Kosovo and Nagorno-Karabagh are very similar yet different. Both are geographically separate and ethnically, religiously distinct from the mother state. Both neighbor a country of their kin. Both have been disputed territories at one point in their history, both had autonomous status within their mother states during the Cold War, and their autonomous status revoked at one point. Both subjected to severe oppression and atrocities. The key difference is geopolitical. Kosovo is at the heart of Europe and has history of triggering and implicating others in a broader conflict and jeopardize Europe’s and world’s peace and security. Hence the extraordinary global attention and the international community’s immediate and continued involvement in providing an early solution. Karabagh has taken a different path but gone through similar process. If ever Nagorno-Karabagh case goes to ICJ, the nature and content of the arguments will not be much different from Kosovo’s case.

And finally let me introduce two overbearing political developments which, in my view, complements the existing legal framework in support of the right of self-determination and secession.

First is that earlier, speaking of Canada’s Supreme Court decision on Quebec’s referendum I said hold on to the thought that the justices said that if a referendum found in favor of independence, the rest of Canada “would have no basis to deny the right of the government of Quebec to pursue secession.” This naturally means that political negotiations would have to follow to define the terms under which Quebec would gain independence, should it maintain that goal. This, clearly is a political decision; a recommendation of sort to reach a peaceful resolution.

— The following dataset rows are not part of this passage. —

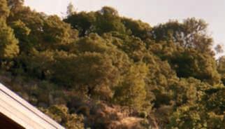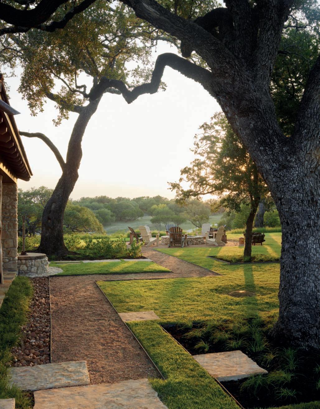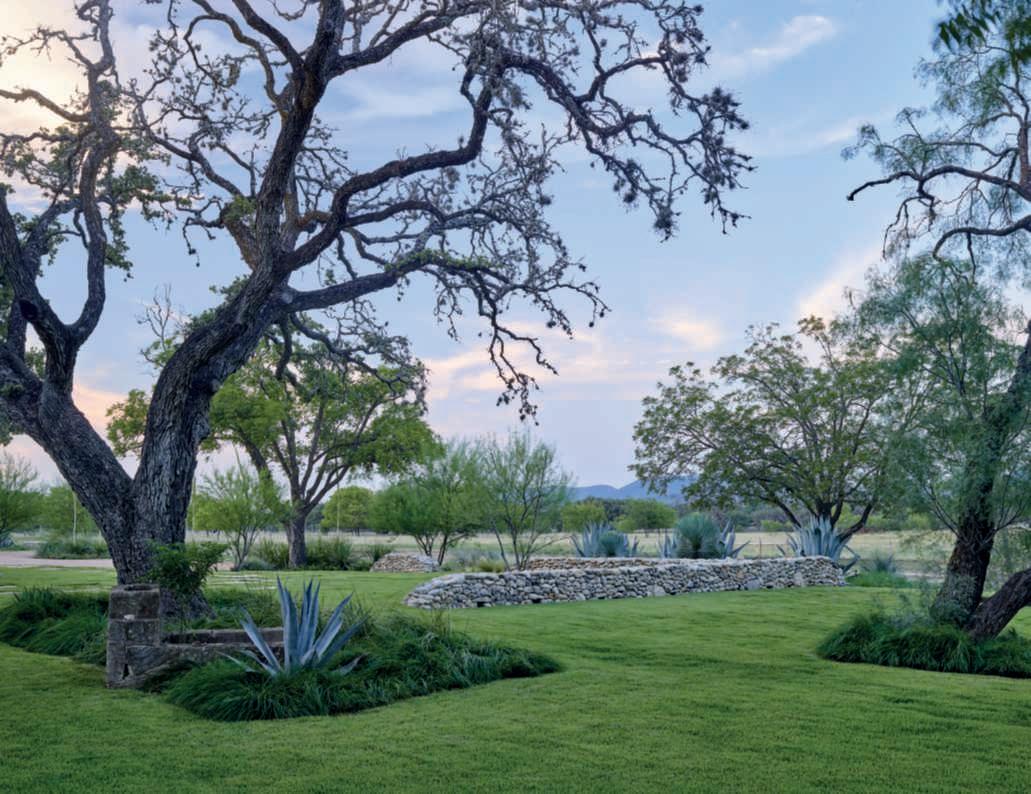 In questa pagina, altre viste del giardino dove i muretticostruiti con ciottoli raccolti lungo il fiume Sabinal definiscono gli spazi senza impedire le viste sul paesaggio e diventando un elemento decorativo Alberi senescenti di quercia si alternano a mature Neltuma glandulosa var. glandulosa,a giovani Parkinsonia x ‘Desert Museum’, Agave americana e Dasylirion wheeleri. Nella pagina disinistra, vicino alla residenzaprincipale un’intima area relax con le classiche sedieAdirondack e un focolare
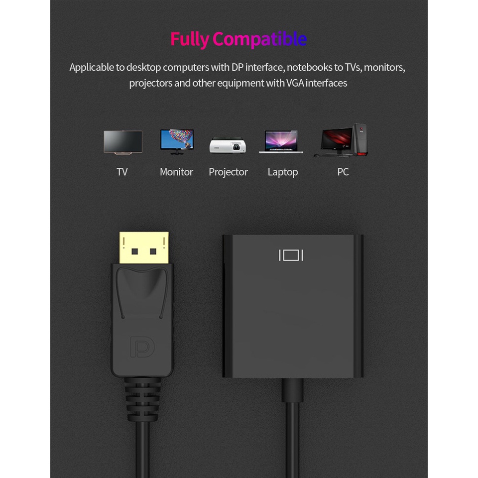 1080P HD Displayport To VGA Converter DP Male To VGA Female Cable Interface Adapters Video For Monitor PC Laptop HDTV Projector
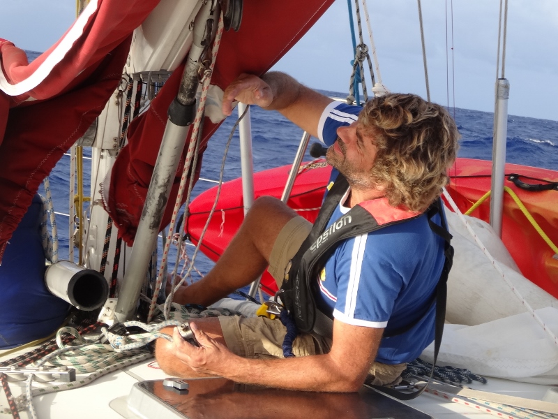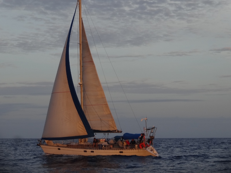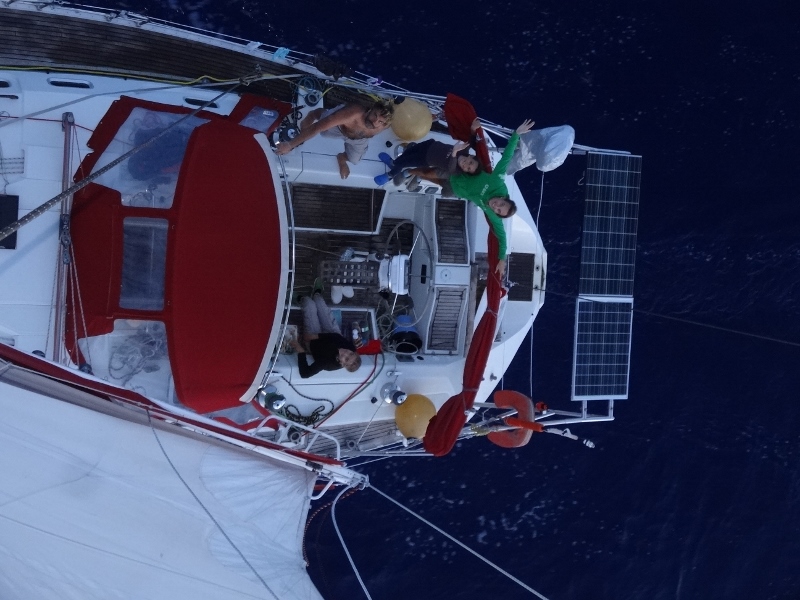 Après un début de transat plutôt musclé, nous sommes maintenant dans une période bien plus agréable. Le vent a faibli (Force 3-4), la mer est belle et nous avançons tout de même bien à la voile (4-5 Nds). Tout le monde apprécie ! Et en plus le soleil est de la partie.
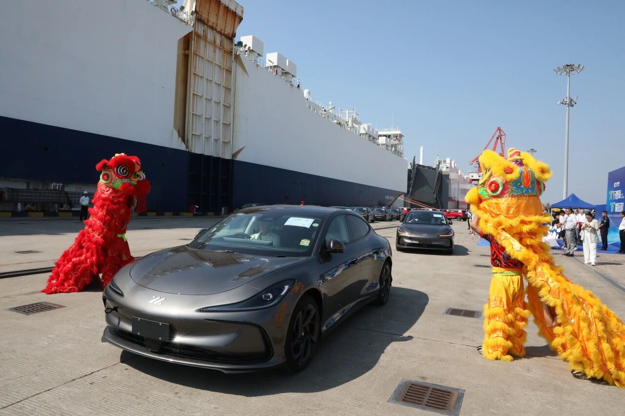 装车仪式上,来自国内多个品牌的商品车整齐排列,有序驶上巨轮,即将开启跨越重洋的旅程。
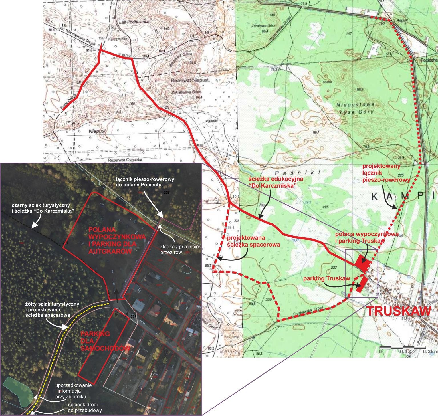 To najwyższa pora na uporządkowanie. To miejsce w weekendy permanentnie zastawione przez samochody. Powiększenie parkingu jest i tak konieczne. Pomysł z łącznikiem na północ jest bardzo dobry. Gruntówka z centrum Truskawia, nie jest atrakcyjna ani pieszo, ani rowerowo, ani na nartach. Wykorzystanie przecinki sieci eN to dobry pomysł. Ona jest okresowo wykaszana, więc „tam jest” i zawsze będzie to lepsze dojście niż gruntówka.
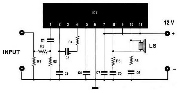 The input IN is connected to the output of the receiver, U output is connected to the speaker as shown on car audio amplifier scheme. It is very important to ensure that the speaker has no connection tothe chassis (ground) if not, the integrated circuit IC1, a TDA 2004 will soon be damaged. For mounting, carefully follow the implementation of the car audio amplifier scheme for the components. The power supply will keep with 12 volts.
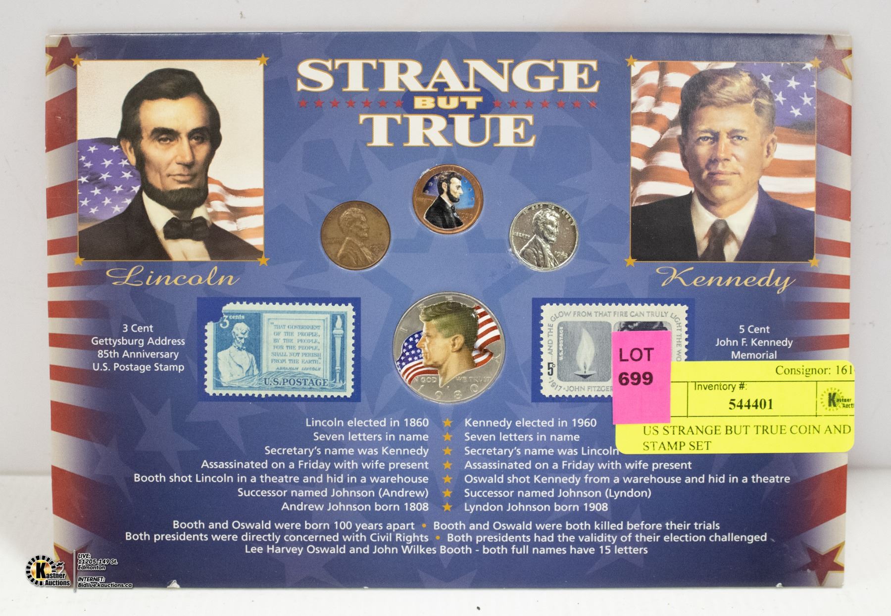 US STRANGE BUT TRUE COIN AND STAMP SET

This also implies that references to the state’s own constitution as a non-negotiable bar, as is being employed in case of Kurdistan, Catalonia and also Nagorno-Karabagh, to any concessions or even negotiations do not represent good faith, and cannot be justification for use of force to suppress the movement.

Second is that since the end of the Cold War, there has been at least a dozen of peace processes related to ethnic conflicts mediated by third parties and mandated by international organizations, where in their proposed solutions granting satisfaction to the aspirations of the minority groups have been the norm rather than the exception. Some have been fully implemented, others failed due to different circumstances and few others are still work in progress.

But the fact is that after lengthy and arduous processes, the mediators, in all those cases where the historical, legal and military realities have tilted the balance on the self-determination side, seem to have always favored to arrive to the inevitable sooner than later. The Road Map for Peace for the Israeli/Palestinian conflict; the Good Friday Accord for Northern Ireland; the Machakos Protocol for Sudan; Ahtisaari plan and Security Council Resolution for Kosovo; the Baker Peace Plan for the Western Sahara, the Dayton Accords for Bosnia, UNSC Resolution 1272 for East Timor; the Comprehensive Agreement for Bougainville; the New Constitution for the Union of Serbia and Montenegro, the Madrid Principles for Nagorno-Karabagh.

All self-determination or secessionist movements are, in essence and at heart, ethnic conflicts. They originate in history; get litigated, adjudicated, argued and negotiated in international organizations; always have their military component, since one or the other side and, most of the time, both sides use force against each other to achieve their goals; and finally, if they ever get resolved, are resolved at the political level. It is true that at the end of day it is the politics that has the final word. But history, law, military outcome and geopolitical realities on the ground, are all critical in determining the fate of a particular claim, and inevitably forces the political hand even of the most ardent opponents, including the mother states, of the right of self-determination and secession.